▶ SOURCE DATA:
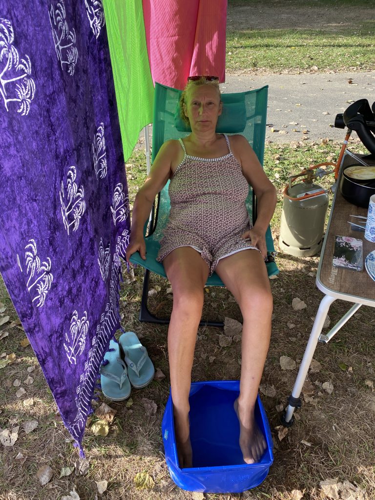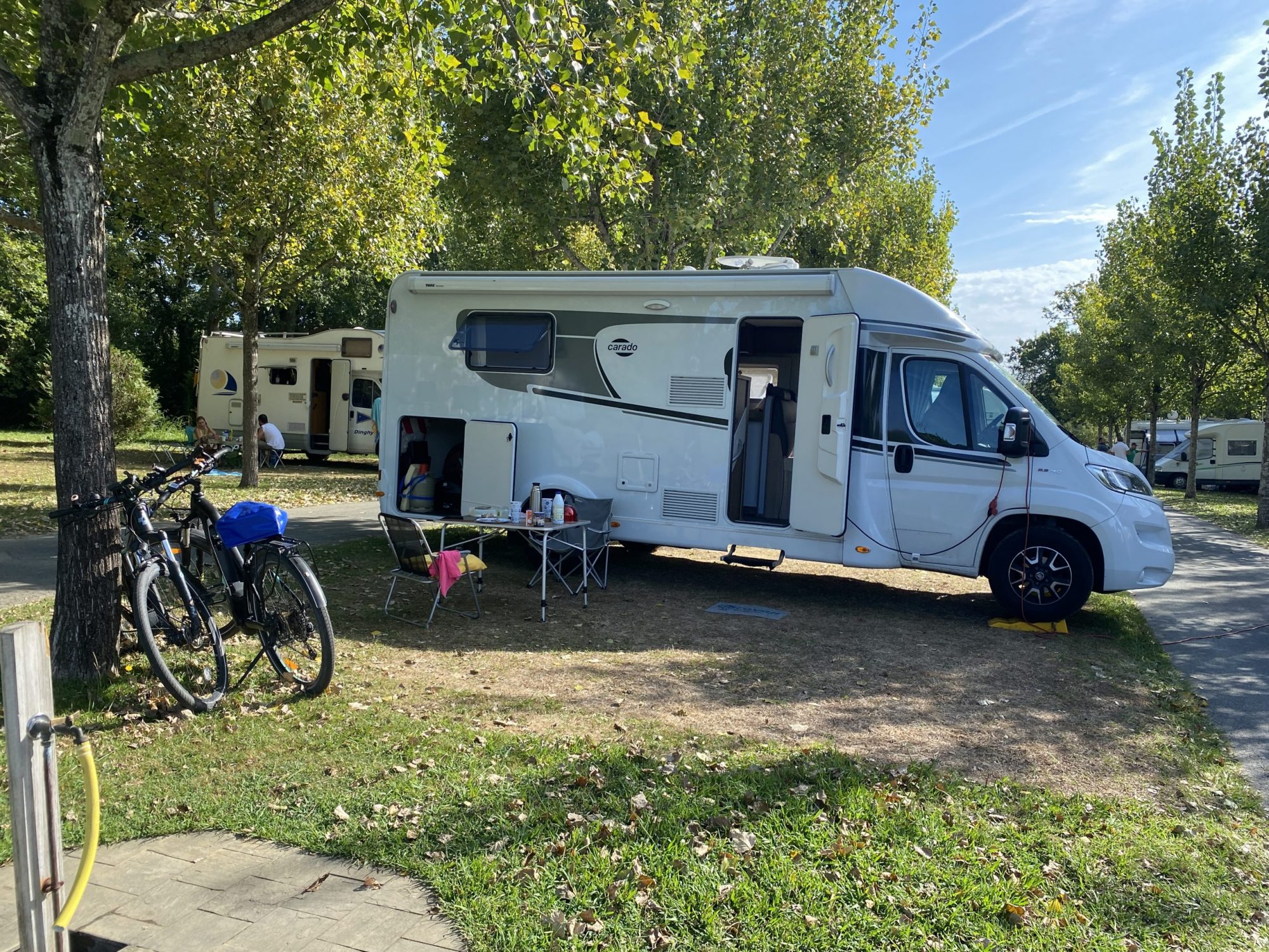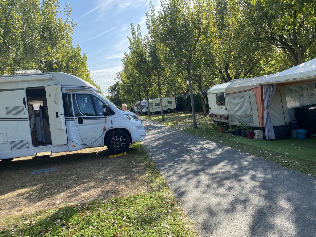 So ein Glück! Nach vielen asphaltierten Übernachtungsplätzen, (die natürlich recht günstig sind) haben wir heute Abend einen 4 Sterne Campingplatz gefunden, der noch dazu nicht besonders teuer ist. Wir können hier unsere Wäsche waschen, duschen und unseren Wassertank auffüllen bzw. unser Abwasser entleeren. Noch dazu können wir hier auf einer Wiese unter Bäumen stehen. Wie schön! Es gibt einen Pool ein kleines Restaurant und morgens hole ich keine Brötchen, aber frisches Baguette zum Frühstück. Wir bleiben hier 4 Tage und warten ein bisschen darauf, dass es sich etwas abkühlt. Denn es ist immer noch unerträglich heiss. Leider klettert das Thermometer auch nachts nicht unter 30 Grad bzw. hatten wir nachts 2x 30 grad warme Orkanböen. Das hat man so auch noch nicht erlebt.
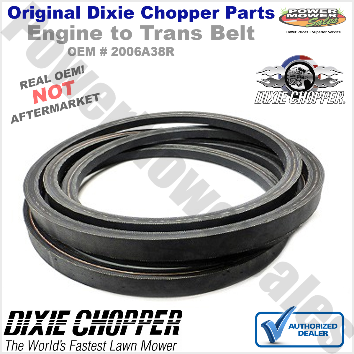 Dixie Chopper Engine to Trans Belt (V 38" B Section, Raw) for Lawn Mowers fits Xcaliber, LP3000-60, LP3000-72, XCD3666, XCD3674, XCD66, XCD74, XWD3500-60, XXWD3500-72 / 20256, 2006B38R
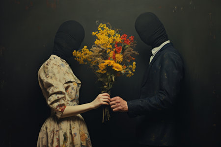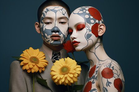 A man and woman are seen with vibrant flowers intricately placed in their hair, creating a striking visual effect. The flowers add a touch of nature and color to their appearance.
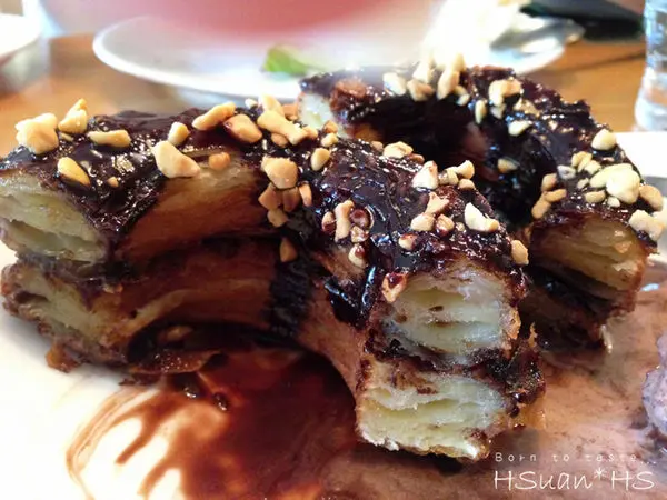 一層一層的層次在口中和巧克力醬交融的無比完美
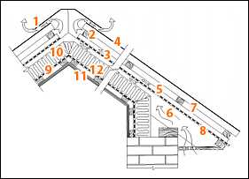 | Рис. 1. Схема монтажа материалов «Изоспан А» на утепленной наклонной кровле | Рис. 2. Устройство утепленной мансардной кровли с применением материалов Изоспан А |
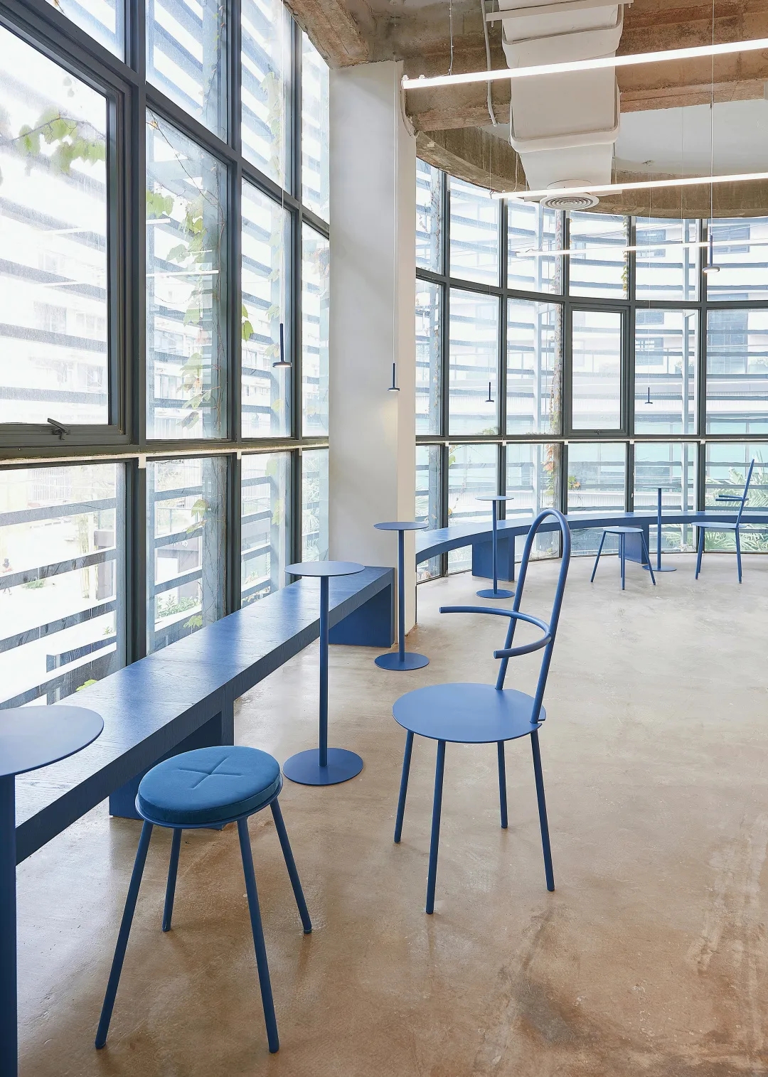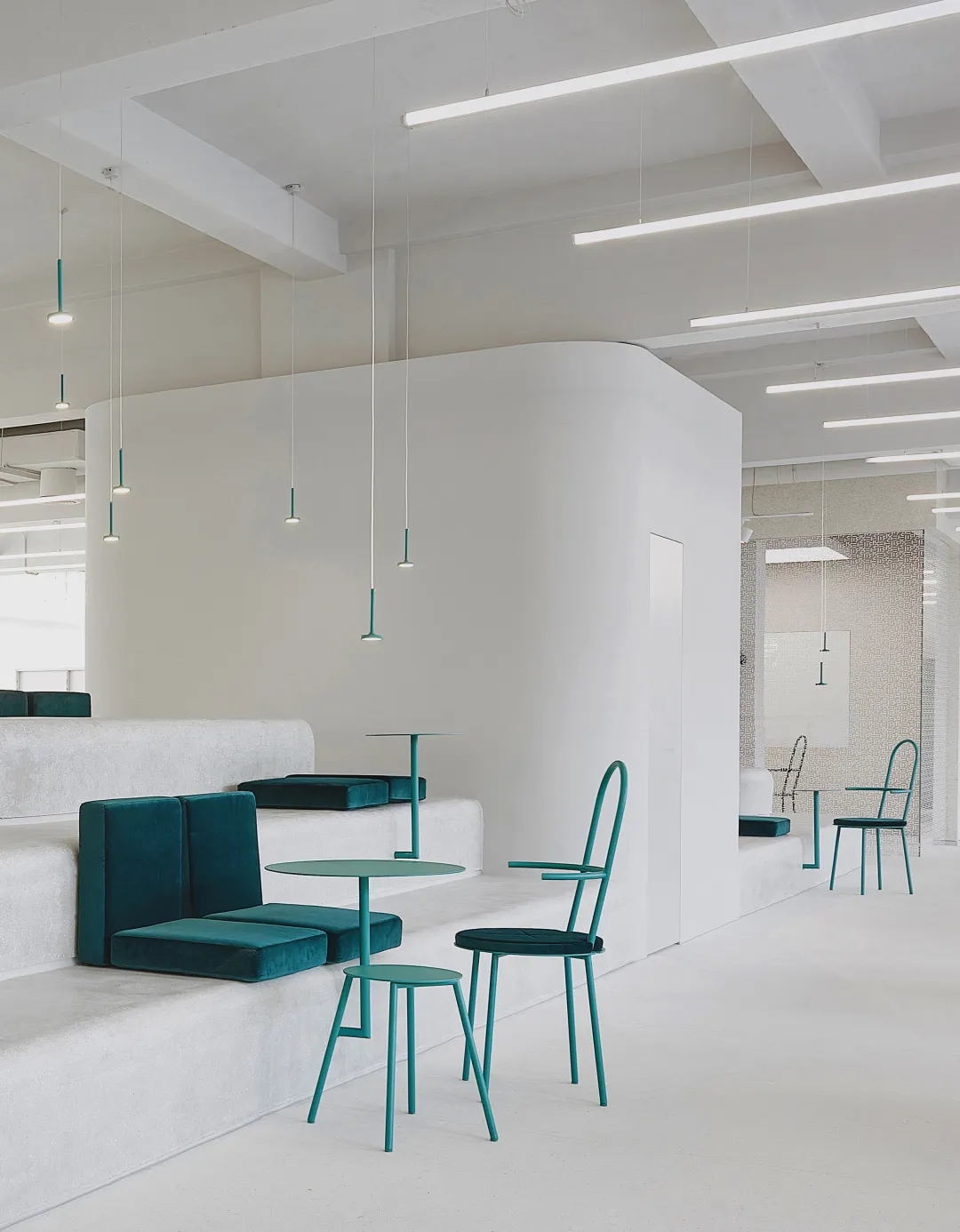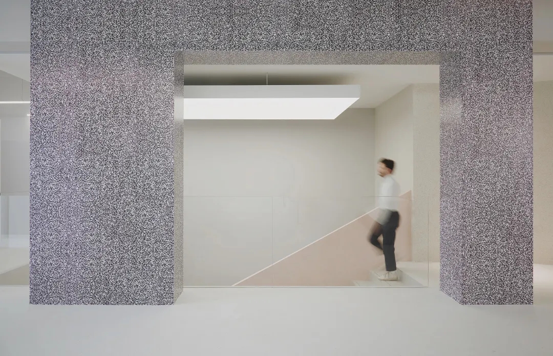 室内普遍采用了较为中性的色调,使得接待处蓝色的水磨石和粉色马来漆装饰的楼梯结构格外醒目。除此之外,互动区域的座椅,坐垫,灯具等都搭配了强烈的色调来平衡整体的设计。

▶ TASK OBJECTIVE: Would you restate, word for word, the lines from the one holding "A man and woman" through the end of the material above? Omit the pictures.

▶ RESULT OF THE TASK:
 A man and woman are seen with vibrant flowers intricately placed in their hair, creating a striking visual effect. The flowers add a touch of nature and color to their appearance.
 一層一層的層次在口中和巧克力醬交融的無比完美
 | Рис. 1. Схема монтажа материалов «Изоспан А» на утепленной наклонной кровле | Рис. 2. Устройство утепленной мансардной кровли с применением материалов Изоспан А |
 室内普遍采用了较为中性的色调,使得接待处蓝色的水磨石和粉色马来漆装饰的楼梯结构格外醒目。除此之外,互动区域的座椅,坐垫,灯具等都搭配了强烈的色调来平衡整体的设计。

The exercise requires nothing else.